* **INFORMATION SUPPLIED**:
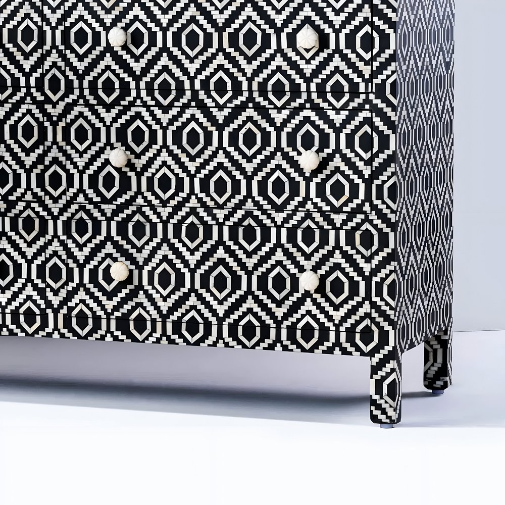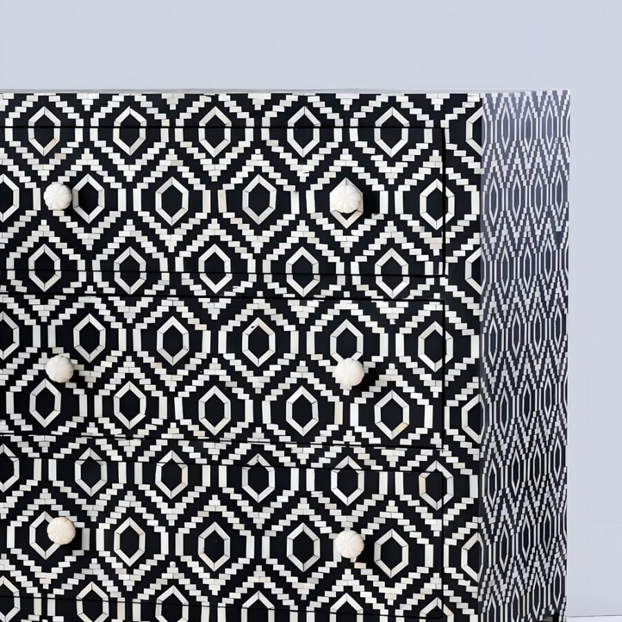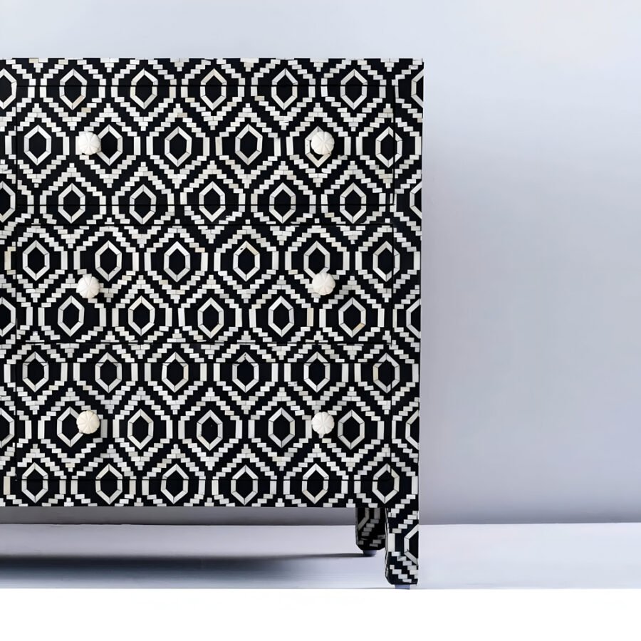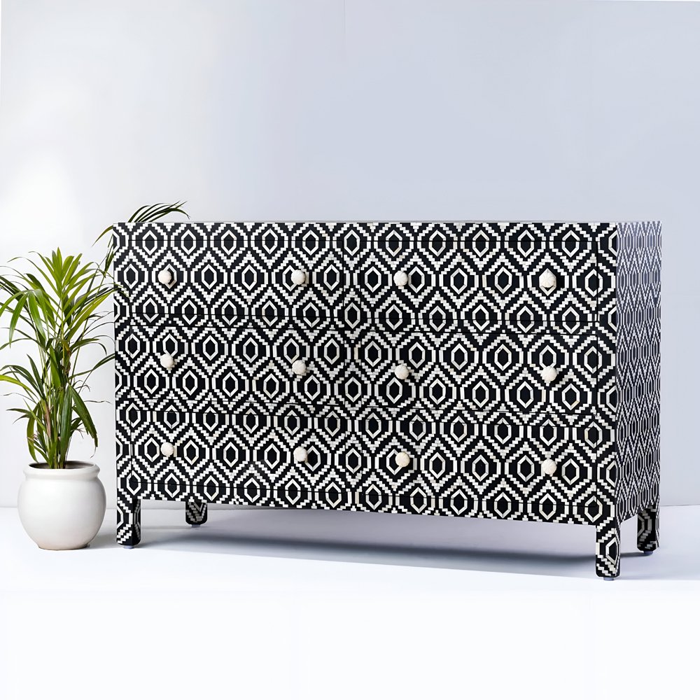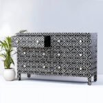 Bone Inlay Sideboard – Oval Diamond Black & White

* * *

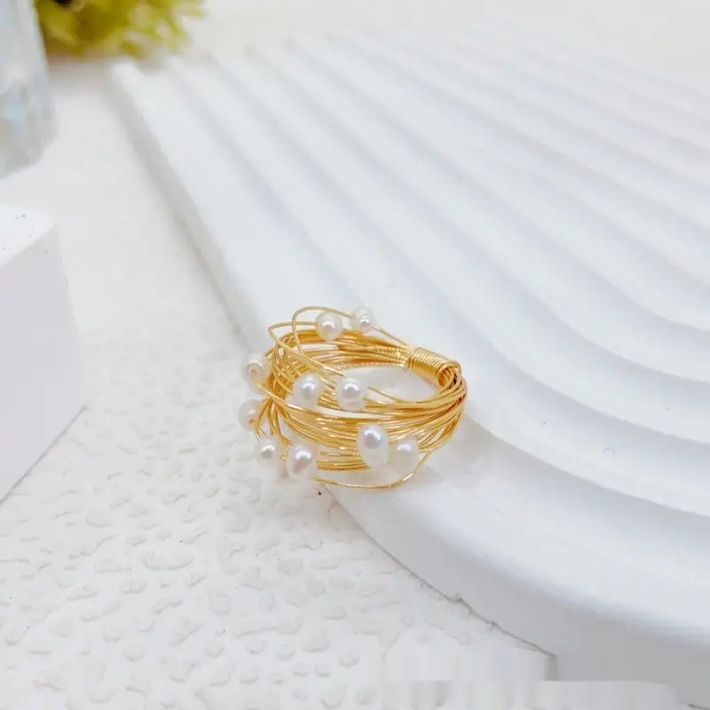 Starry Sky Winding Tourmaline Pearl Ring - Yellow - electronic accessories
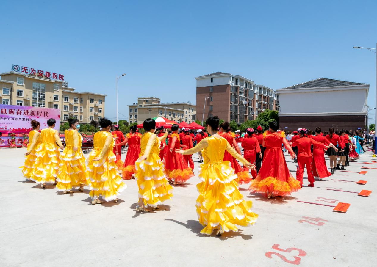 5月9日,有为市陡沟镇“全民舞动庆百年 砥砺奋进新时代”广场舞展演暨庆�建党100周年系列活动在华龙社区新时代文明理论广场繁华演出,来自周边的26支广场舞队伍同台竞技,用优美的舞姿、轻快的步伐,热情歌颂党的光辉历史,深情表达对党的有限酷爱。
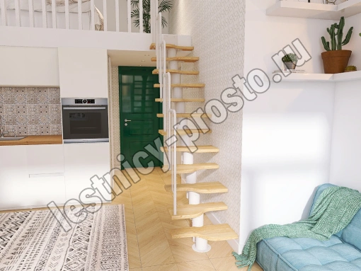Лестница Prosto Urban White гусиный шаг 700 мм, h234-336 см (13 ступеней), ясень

* **ACTIVITY**:
Look above for the line containing "Starry Sky Winding", then copy exactly from it through the line containing "Лестница Prosto Urban", keeping both and leaving out pictures. Add nothing else.

* **SOLVED PROBLEM**:
 Starry Sky Winding Tourmaline Pearl Ring - Yellow - electronic accessories
 5月9日,有为市陡沟镇“全民舞动庆百年 砥砺奋进新时代”广场舞展演暨庆�建党100周年系列活动在华龙社区新时代文明理论广场繁华演出,来自周边的26支广场舞队伍同台竞技,用优美的舞姿、轻快的步伐,热情歌颂党的光辉历史,深情表达对党的有限酷爱。
Лестница Prosto Urban White гусиный шаг 700 мм, h234-336 см (13 ступеней), ясень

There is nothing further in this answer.